R = [-0.600806990019897 0.799386597570746 -0.00346819369376912
-0.210825371930633 -0.162635135620312 -0.963899618846316
-0.771092486861039 -0.578386445454965 0.266243303052733 ]

• Thanks for your detailed response! One thing I am struggling with though is the apparent change of matrices from xmp to reality capture. So, when the matrix supplied in xmp looks like this:

<xcr:Rotation> 0 0 1 0 1 0 -1 0 0</xcr:Rotation>, i.e

R =

[0 0 1;

0 1 0;

-1 0 0]

what should correspond to a rotation of 90 degrees around the y axis, the corresponding RC shows:

180 yaw

0 pitch

90 roll

Additionally, the translation does not change, so all the directions show up the same in RC as well in the xmp.

Furthermore, you mentioned yaw meaning around the z-axis, while this post: https://support.capturingreality.com/hc/en-us/articles/360020679799-How-to-work-with-RealityCapture-registration-export  mentions that yaw is a rotation around the y-axis.

What am I missing here? I very much appreciate your help!

• For images the yaw is around Z. It is possible, that there is something wrong in that article. But it is true, that the mentioned rotation in the article are true for reconstruction region.

• Thanks for the quick response. What I still don't fully understand is the conversion from euler angles (yaw pitch roll in RC) to the rotation matrix in xmp. Could you provide me with the right equations for the conversion?

• Please note that rotation formats vary. For quaternions, it is not uncommon to denote the real part first. Euler angles can be defined with many different combinations (see definition of Cardan angles). All input is normalized to unit quaternions and may therefore mapped to different ranges. The converter can therefore also be used to normalize a rotation matrix or a quaternion.

• I experienced a similar problem (roll-pitch-yaw values not making sense) when attempting to translate the attitude convention I use in my work (direction cosine matrices (DCMs)) to roll-pitch-yaw values to use in RC's flight log import.  Here's how I solved this.
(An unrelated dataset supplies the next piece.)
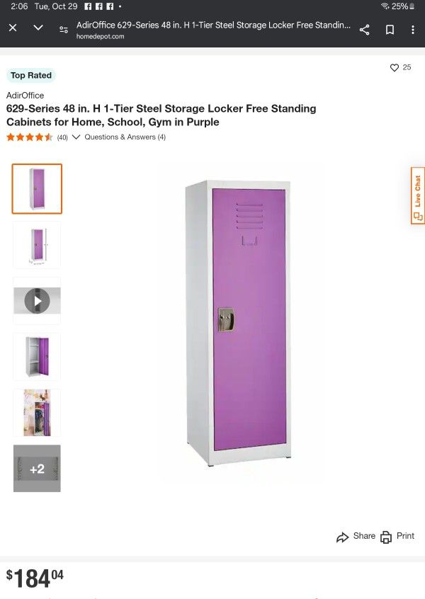 629-Series 48 in. H 1-Tier Steel Storage Locker Free Standing Cabinets for Home, School, Gym in Purple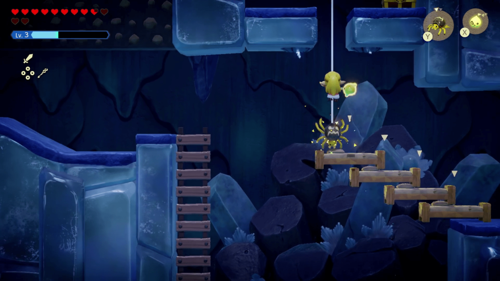 小心地攀爬墙壁,避开冰块。你也可以杀死他们,但你会注意到,他们的回声会落入虚空。不要担心快速尝试抓住它们——它们会在稍后的区域再次出现。

First, note that the forward mapping to produce a DCM from roll-pitch-yaw values is described, for example, here: https://math.stackexchange.com/questions/2796055/3d-coordinate-rotation-using-roll-pitch-yaw.  This post also describes the reverse mapping, that is, extracting roll-pitch-yaw values from a DCM.

I first ran RC image alignment with only x-y-z flight log information.  I took the posterior roll-pitch-yaw values for a given image and constructed a DCM, call it C_{rc}, using the forward mapping.  I had a prior DCM, C, from my flight log, and assumed the following mapping between them,

C_{rc} = C_{map} * C.

Solve for the mapping via

C_{map} = C_{rc} * C.'

I'm working with a north-east-down coordinate system, and in my case the mapping was approximately

C_{map} = [ -1, 0, 0 ; 0, 1, 0; 0, 0, -1 ].

Finally, to set accurate attitude priors in the flight log, I simply premultiply my DCMs by the mapping matrix,

C_{log} = C_{map} * C,

and decompose C_{log} into roll-pitch-yaw values, which I include directly in the flight log.